There, she participated with other priests and nuns in a Marriage Encounter program, “an eye-opening and healing experience” that helped not only with relationships in the convent but also in her family, as she soon began a stint in parenting.

Her mother died suddenly on Memorial Day 1995, so Sr. Kay moved to Spokane to be closer to help her brother, a single father of three children, raise his family. She took in his middle son from seventh grade through college.

While a part-time parent, she taught students in her home, the house her mother left her, and at Holy Names Music Center.

Now Sr. Kay teaches about 20 students at the Holy Names Music Center, accompanies programs at the school, and has accompanied the Mukogawa Women’s Ensemble for 13 years.

She began helping with liturgy at St. Thomas More Parish and was music director there from 1996 to 2005, when she left to do liturgy with St. Joseph’s Parish on Dean, where several sisters have served as parish pastors.

Sr. Kay has taught for eight years at Trinity Grade School and does Sunday liturgies at St. Anthony’s or St. Joseph’s, which also have Vietnamese and Spanish parishioners. An English liturgy at St. Joseph’s is at 9:30 a.m. and the Spanish one at 12:30 p.m.  At St. Anthony’s, there are two English liturgies and a 1 p.m., Vietnamese Mass.
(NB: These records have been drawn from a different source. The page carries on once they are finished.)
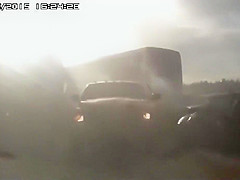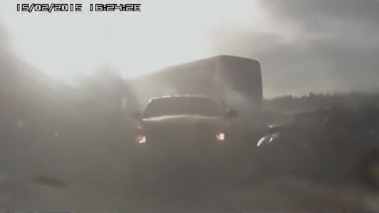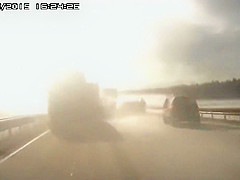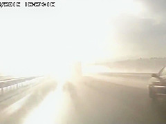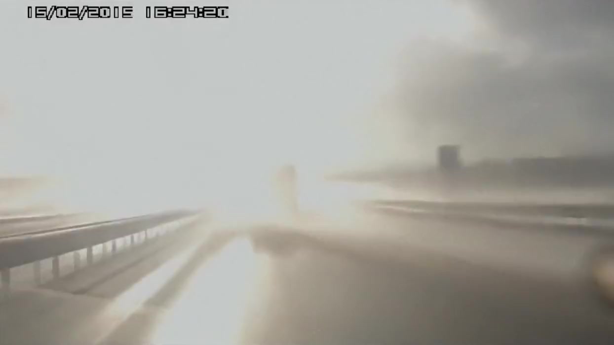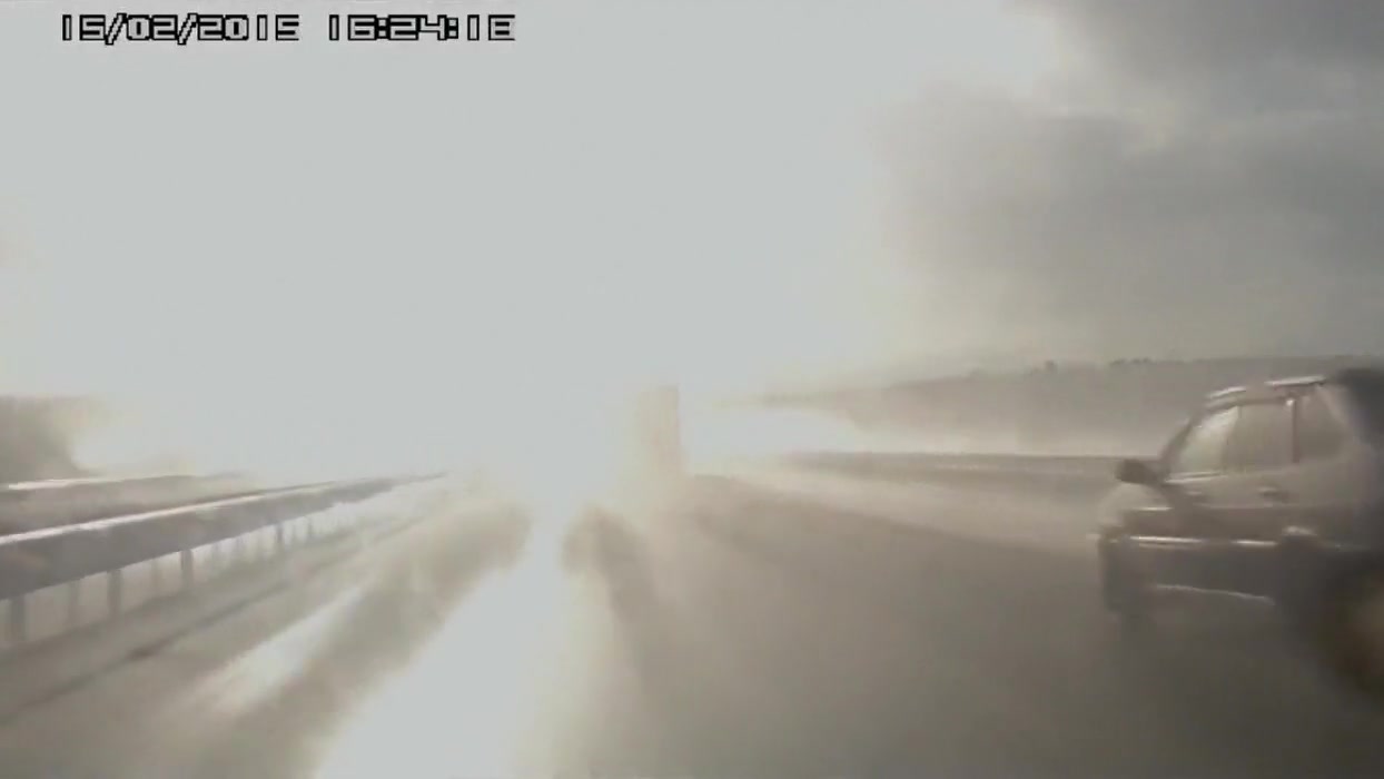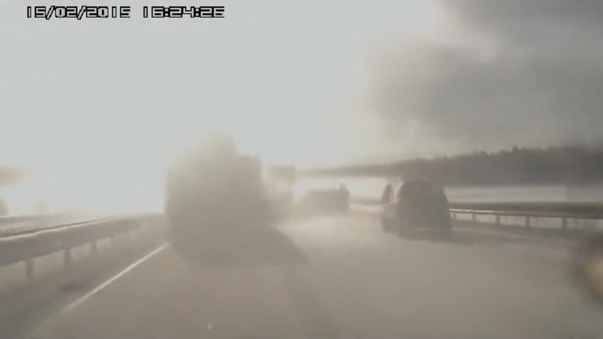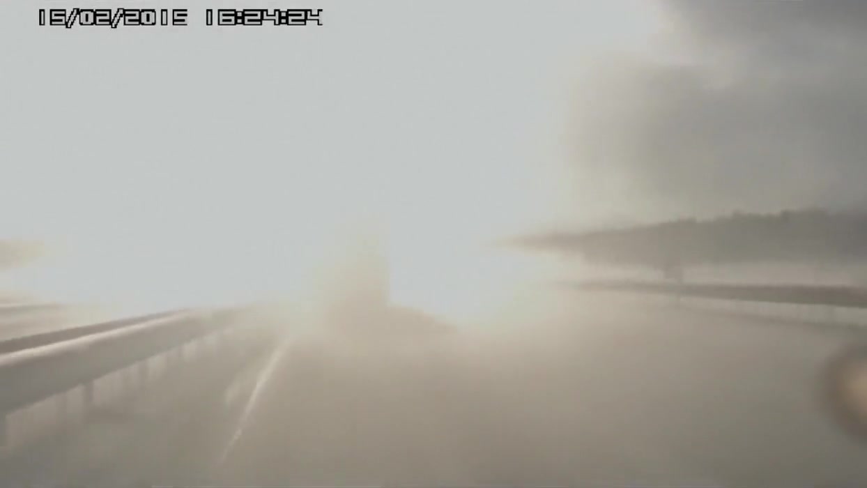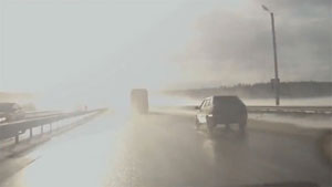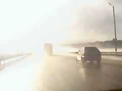 Bright sun and falling snow makes it impossible to see without sunglasses.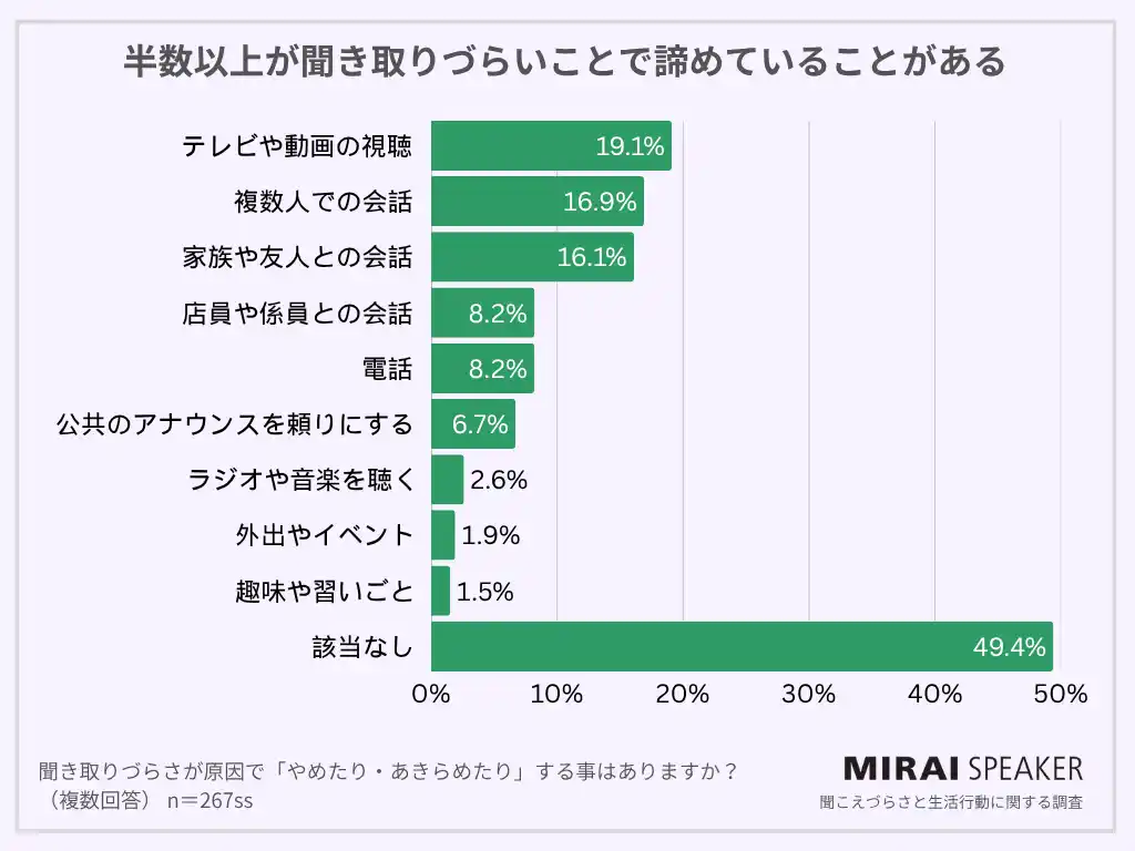 約半数の人が“聞こえづらさが原因で何かをあきらめた経験がある”と回答。「テレビ視聴」「複数人での会話」「家族や友人との会話」が上位を占めました。 |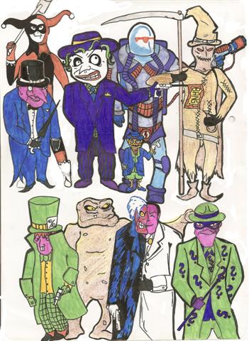 ) und deine Interpretation von Batmans Widersachern gefällt mir. Ich denke mal, dass das alles Gegner von Batman sind, aber auf alle Fälle aus dem DC-Universum, glaube ich

She also plays for Sunday liturgies at Brookdale where retired Holy Names sisters now reside.

“Sundays, Catholics come to liturgy to be fed, so the music must be meaningful and rich to give another dimension to understanding the Scripture along with the priest’s homily,” she said.

Sr. Kay chooses and plays music, directs choirs and plays for children’s liturgies.

“People participate in a liturgy by singing.  Words of hymns are often words of theology that stay with people, because they are repeated over and over,” she said.  “Choosing good music is important, because it’s what the church teaches and it builds a relationship with Christ.”

Sr. Kay enjoys classical music and the Big Band music she heard growing up. She also teaches folk, Disney, patriotic and popular songs and songs from musicals.

With many of her students, she uses the Suzuki method, designed for children before they can read, teaching them by hearing notes and rhythms.

For her golden jubilee, from May to August, she celebrated at Marylhurst, Seattle and Spokane with seven other women who took their vows when she did, one of the first groups after Vatican II, when the liturgy was translated from Latin to English.

The Holy Names Music Center, at 3910 W. Custer, has 30 faculty. They teach piano, cello, clarinet, double bass, fiddle, flute, guitar, percussion, saxophone, trumpet, violin, viola and voice to students of many ages, abilities, income levels and ethnic origins.

The center serves more than 200 private students and small ensembles, as well as the Music Together program for toddlers and parents.

In addition, 120 Adult Ensemble members in Project Joy Orchestra and the Lilac City Community Band rehearse there.  The center has outreach to 30 families through Music for Vets and the Catholic Charities CAPA (Childhood and Parenting Alone) program.

Sr. Kay said Holy Names Music Center at Fort Wright is a nonprofit community music school, “providing quality instruction and performance opportunities for all.”